We've had wind chimes and wildlife shots and screen savers and fish tank scenes so that the TV looks like it is a fish tank.
A google reveals Baby TV has been going for two years in Israel and is coming out across the networks worldwide. Look out for it for yourself. A few bevvies and a spliff might just do the trick. Goodness knows what effect this has on the kids if it does that for me?
Some links on the subject: Worldscreen.com or Children Concerts Transcend Gaza or Baby TV controversy
Wednesday, 26 October 2005
The trouble is the fishy smelly from the frying. Maybe it was the skin of the salmon or something but it was vile and stank the whole house. Burning incense didn't help.
This morning I threw open all windows and doors and it didn't help enough. A quick google tells me I should boil a pan of water with half a lemon in it. Hours later that didn't help either.
It also didn't help that I then forgot the boiling pan of water and lemon....
Another google later for how to get rid of burnt smells and another pan of water with a huge handful of cloves. It worked, for both the fish and burnt smells! I'm almost tempted to do it again with a dried orange and some cloves. To get that Christmassy feeling.
Tuesday, 25 October 2005
These are the parts of the world I have travelled to:
Create your own visited country map
I've travelled : across the world before the age of five. Living in England; Singapore and Australia (Adelaide, Canberra, Sydney and Perth). I travelled back to England on my own at the age of 12 and stopped off in Bahrain. They let me walk around on my own and unsupervised so I have included Bahrain even if it was only a stop over. I've travelled many times to Germany getting the boat train from Victoria Station in London. That has taken me through France, Belgium and Holland depending on which route I went. And if you include the wrong train I once caught, nearly took me to Austria. Another wrong train took us (me and the kids) on a scenic tour of the Rhine but finished me off financially with all the ticket surcharges for the privilege of a mistake.

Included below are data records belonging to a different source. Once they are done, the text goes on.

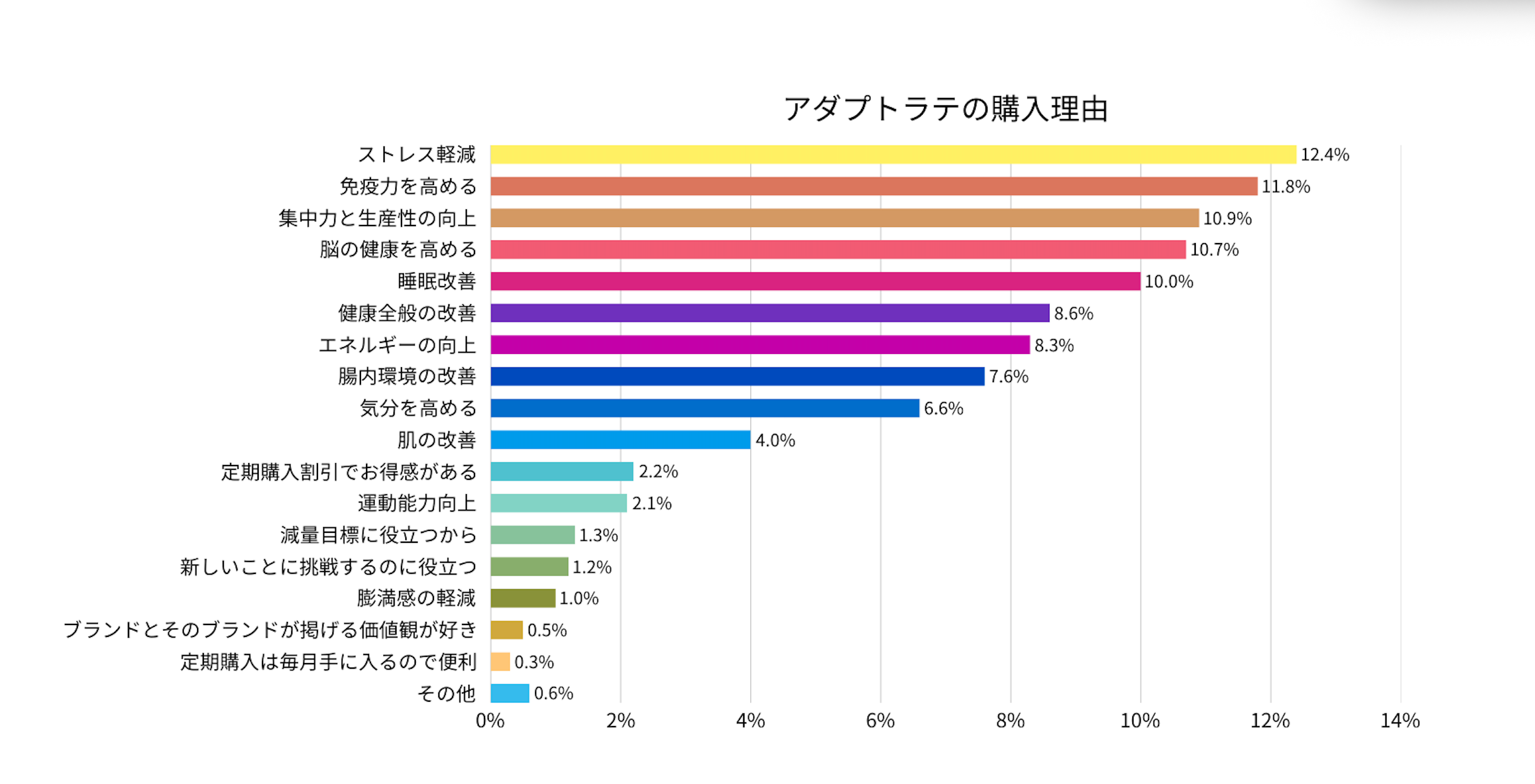 このデータからは、マッシュルームコーヒーに対し、単なるリラックスだけでなく「メンタルの安定」や「仕事のパフォーマンス維持」そして「基礎的な体調管理」という、現代人が抱える切実な課題への『機能的な解決策』が求められていることが読み取れます。
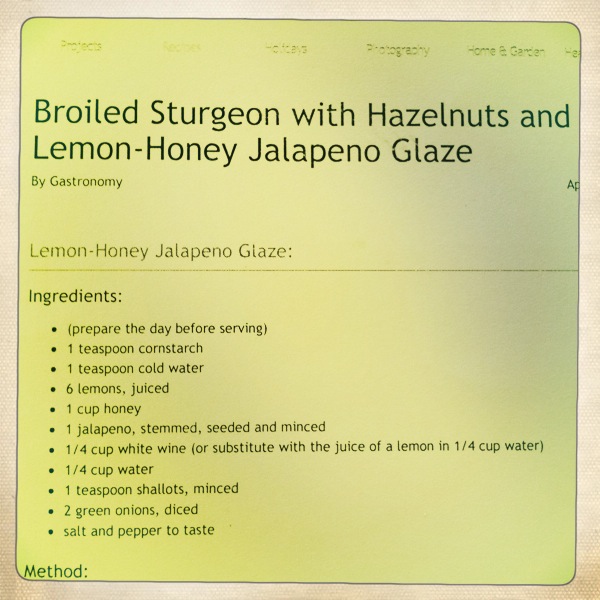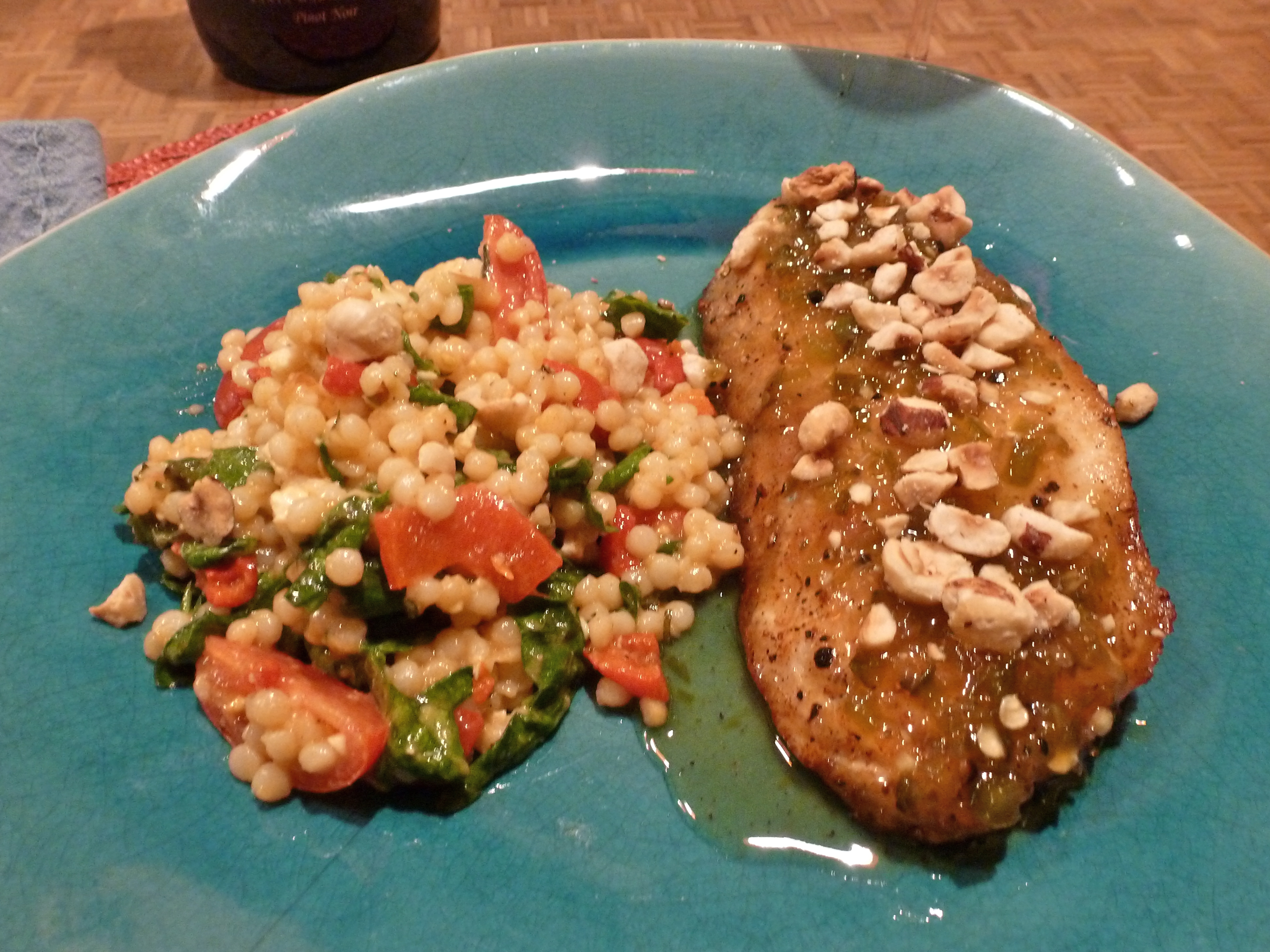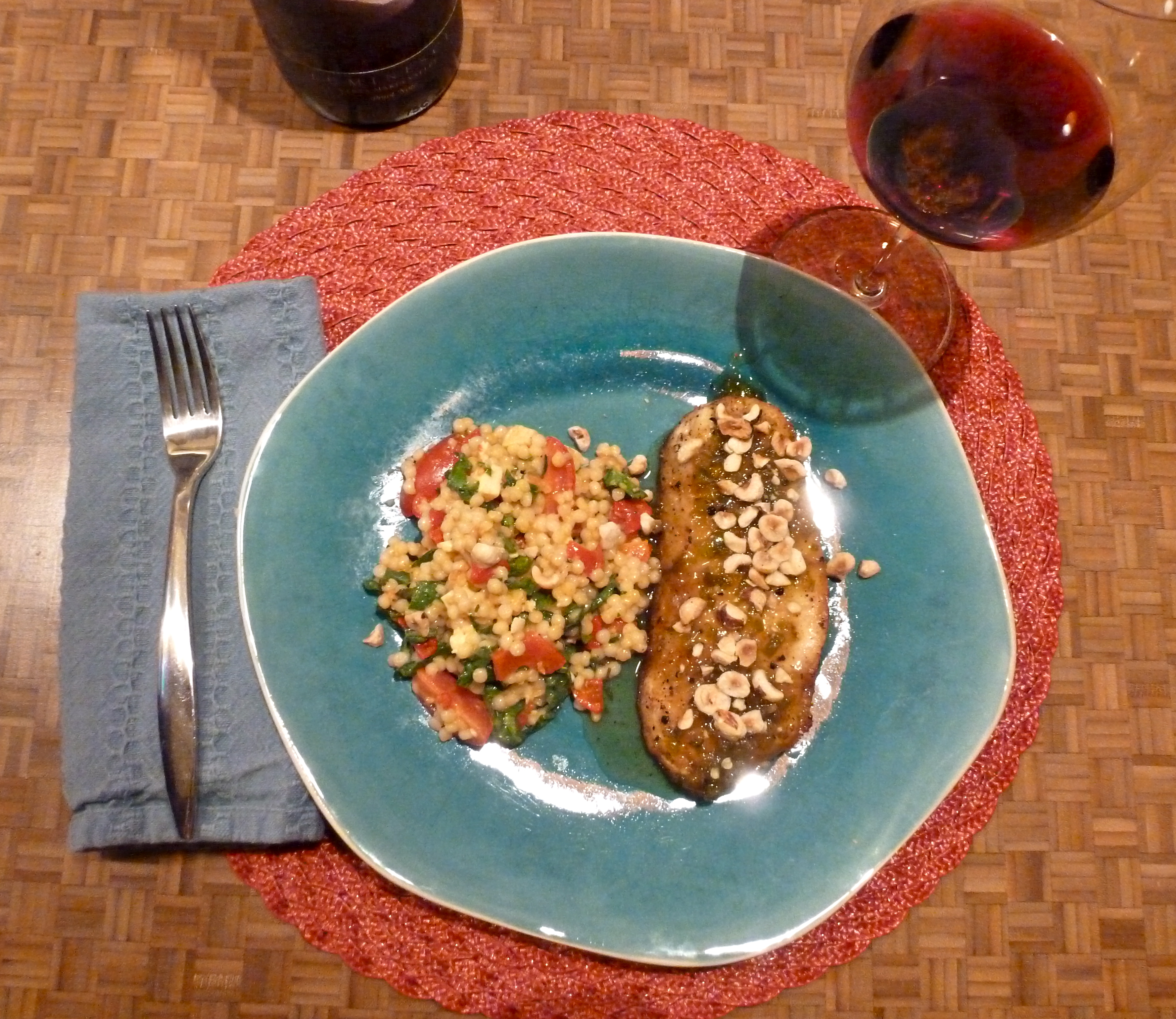 I’ve never seen John use a recipe before. Seeing one printed out on the counter along side my own indicated that we were both in uncharted territory here. Two new recipes in one night! Our ambitious menu for the evening was Broiled Sturgeon with Hazelnuts and a Lemon-Honey Jalapeno Glaze served with Israeli Couscous Salad with Smoked Paprika. Double yum.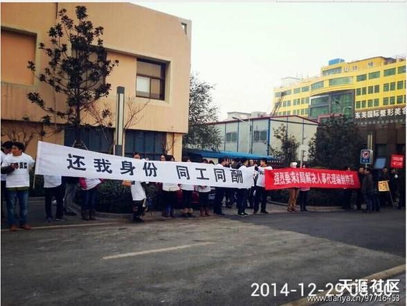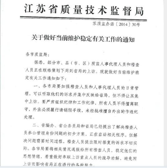 今天(29日)中午,一篇题为《江苏质监,人事代理人员维权算违纪?》的帖子出现在网上,引起众多网友围观。贴文直指江苏省质监局以维护稳定的名义下发文件,强行干预基层职工维权,并配发了“苏质监办函[2014]30号”文件的照片,以及多人拉有“还我身份 同工同酬”横幅的上访照片等。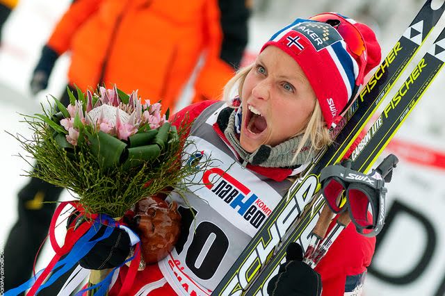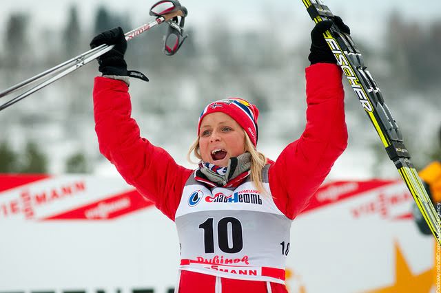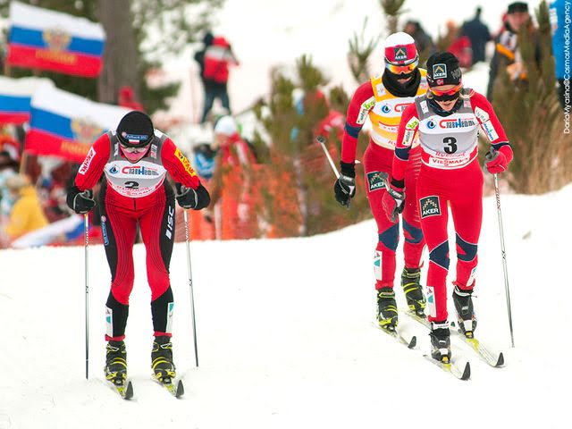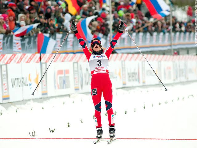 Тереза Йохауг из Норвегии выигрывает женский скиатлон 7.5+7.5 км! Юстина Ковальчик (Польша) на втором месте, Марит Бъерген (Норвегия) на третьем.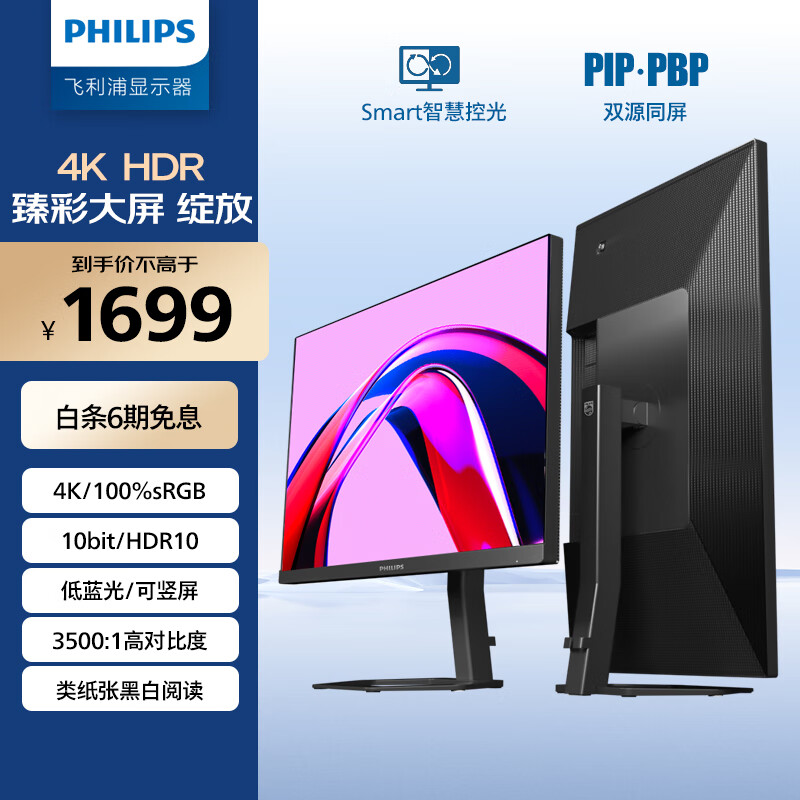 飞利浦 31.5英寸4K 10bit HDR低蓝光 分屏 旋转升降 设计办公显示器 娱乐大屏 电脑显示屏 32E1N5800L价格:1699.00元!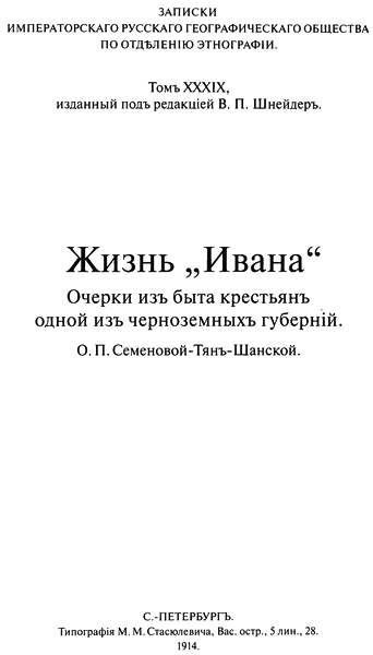 С годом выхода из печати «Жизни “Ивана”» не повезло. Вскоре разразилась Первая мировая война, и книга мало кем, кроме специалистов, была замечена, а после революции 1917 года о О.П. Семеновой-Тян-Шанской и ее труде надолго забыли. Лишь спустя восемьдесят один год после первого выхода в свет «Жизнь “Ивана”» была переиздана репринтным способом в Рязани, неподалеку от которой и расположена Гремячка — село, ставшее основным объектом исследования Ольги Петровны.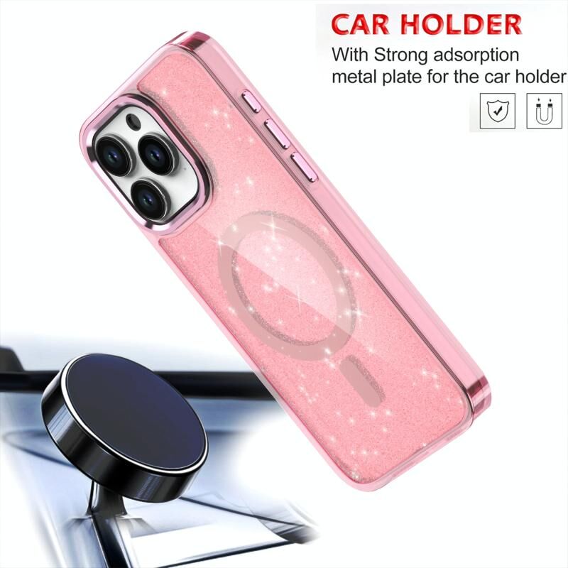 Θήκη τηλεφώνου για iPhone 16 Plus με γκλίτερ, αντικραδασμική, συμβατή με MagSafe (Μαύρο)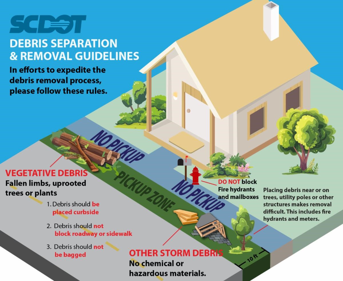 Residents having trouble getting debris to the right-of-way due to limited road frontage or debris blocking the way are encouraged to call the SCDOT directly at 855-467-2368.

Greece was for work. Sitting up on the Acropolis is beyond compare. Also Sicily and Spain and Ibiza. France and Brittany several times, twice for work. Scotland when I was 16 and my first taste of freedom as I hitch-hiked around and then again years later with my little daughter and son brewing in my tum. Ireland fairly recently for a wedding. Wales several times.
Did I mention Morocco? I had always wanted to go to the continent of Africa and as the plane landed I could have kissed the ground. That was so special.
As single parent I bust a gut and earned the money and with my connections took the kids to St Lucia in the Caribbean. (As a child I stood on the shores of Western Australia and looked out to sea and imagined the tropical Caribbean somewhere in that direction and yearned to go.) Wonderful place and wonderful holiday with a friend who lived as a local. Very different to the usual tourist trip.
And then there is my beloved States. I've been three times. The first as a work trip (I've must have had some great jobs!) I went to New York and Boston. It was January and snow was about. It was magical. The second time with my husband to be and we saw New England in the Fall. The last time was with the kids and we did a big tour of the South West and then to Boston and Worcester and Connecticut and New York.
I think I've been to more places and will probably remember them another time. I love travelling with a passion.
I speak : English too fast. So fast that I sometimes get my words jumbled up and they come out wrong and I make up new words on the hoof. Do you think I'd stand a chance of speaking any other languages?! Actually, I've dabbled in German and French and once tried to teach myself Arabic.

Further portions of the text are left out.